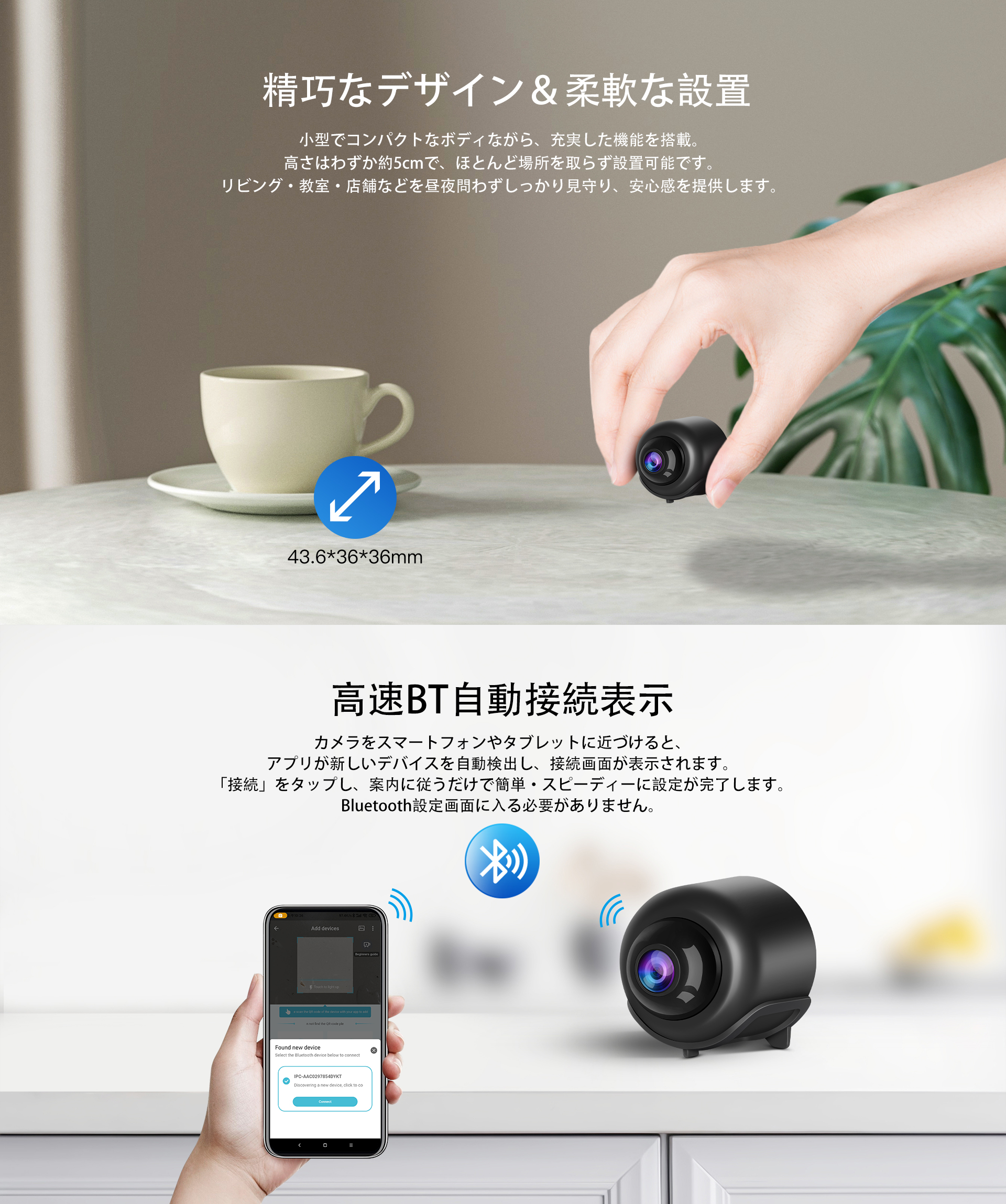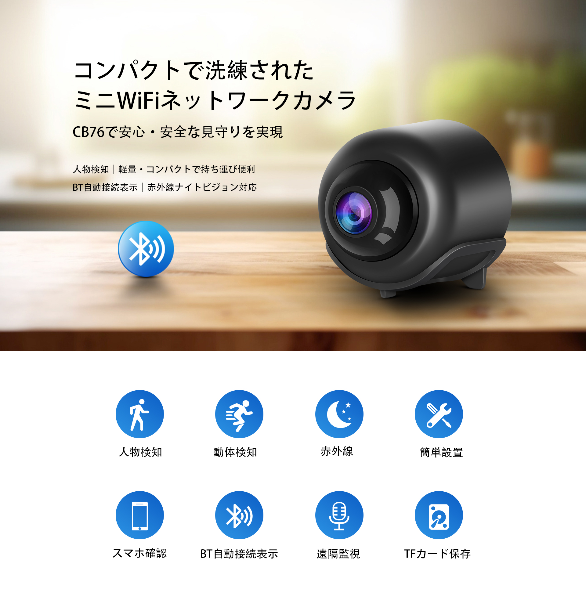 見守りカメラ CB76 1296P高画質 小型WiFi 人物検知 動体検知 ナイトビジョン 双方向音声 ペットカメラ 防犯カメラ 技適 6ヶ月保証
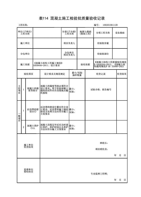 表格名称:100301061120 混凝土施工检验批质量验收记录
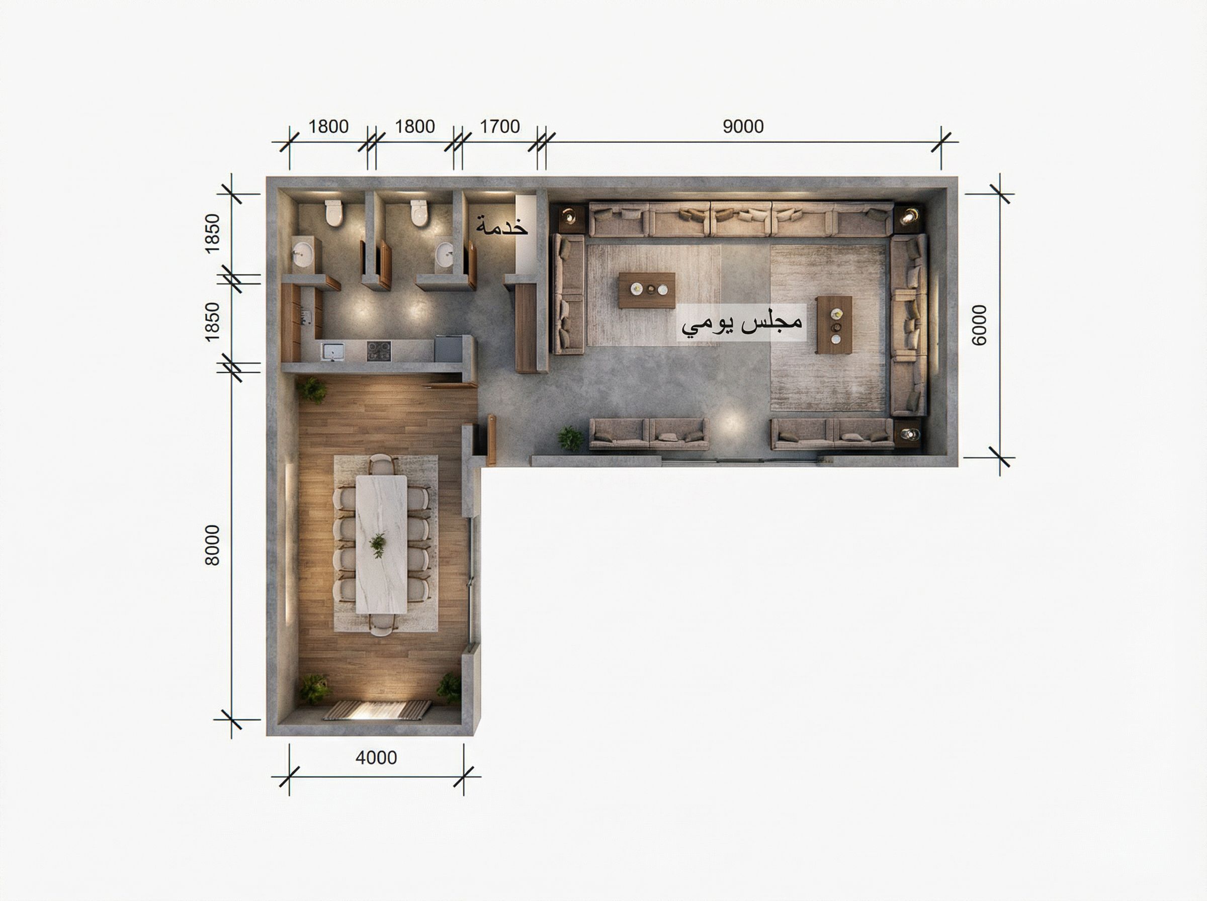 You are professional photographer and expert architect, you role is to transform the input into realistic photograph and add photography effects like chromatic abberation, ISO noise, Film grain, Sharpening pass, Soft glow, Exposure correction, Tone mapping, Bloom + glare mix. Composition: Always keep same input composition and camera angle, accordingly NEVER EVER crop the input or change the angle unless otherwise is mentioned in the user instructions regarding camera angle or composition. For example: if input is a tower, it should be fully visible. Additional guidance: consider the user instructions provided below to help you. Text: if input contains text, ensure to render it correctly. Errors: final output should be 100% correct without any errors or strange things. Input type: you are expected to handle different input types like clay model inputs, freehand sketches, photos, you have to think first how to transform each one into an ideal photograph Creativity and adding details: exteriors: add elements like landscape, context if needed to make the scene perfect award-winning shot. interiors: materials, textures, interior accessories,..etc. Final Result: final result quality always should tend to look like a realistic photograph unless user specifies different style below. User Instructions: "modern villa . Type: architectural floor plan. Input: technical drawing. Camera: top-down plan view, bird's eye orthographic view looking straight down"

= Requirement =
In repeating the lines above, keep the wording exact and leave every picture out.

= Result below =
 見守りカメラ CB76 1296P高画質 小型WiFi 人物検知 動体検知 ナイトビジョン 双方向音声 ペットカメラ 防犯カメラ 技適 6ヶ月保証
 表格名称:100301061120 混凝土施工检验批质量验收记录
 You are professional photographer and expert architect, you role is to transform the input into realistic photograph and add photography effects like chromatic abberation, ISO noise, Film grain, Sharpening pass, Soft glow, Exposure correction, Tone mapping, Bloom + glare mix. Composition: Always keep same input composition and camera angle, accordingly NEVER EVER crop the input or change the angle unless otherwise is mentioned in the user instructions regarding camera angle or composition. For example: if input is a tower, it should be fully visible. Additional guidance: consider the user instructions provided below to help you. Text: if input contains text, ensure to render it correctly. Errors: final output should be 100% correct without any errors or strange things. Input type: you are expected to handle different input types like clay model inputs, freehand sketches, photos, you have to think first how to transform each one into an ideal photograph Creativity and adding details: exteriors: add elements like landscape, context if needed to make the scene perfect award-winning shot. interiors: materials, textures, interior accessories,..etc. Final Result: final result quality always should tend to look like a realistic photograph unless user specifies different style below. User Instructions: "modern villa . Type: architectural floor plan. Input: technical drawing. Camera: top-down plan view, bird's eye orthographic view looking straight down"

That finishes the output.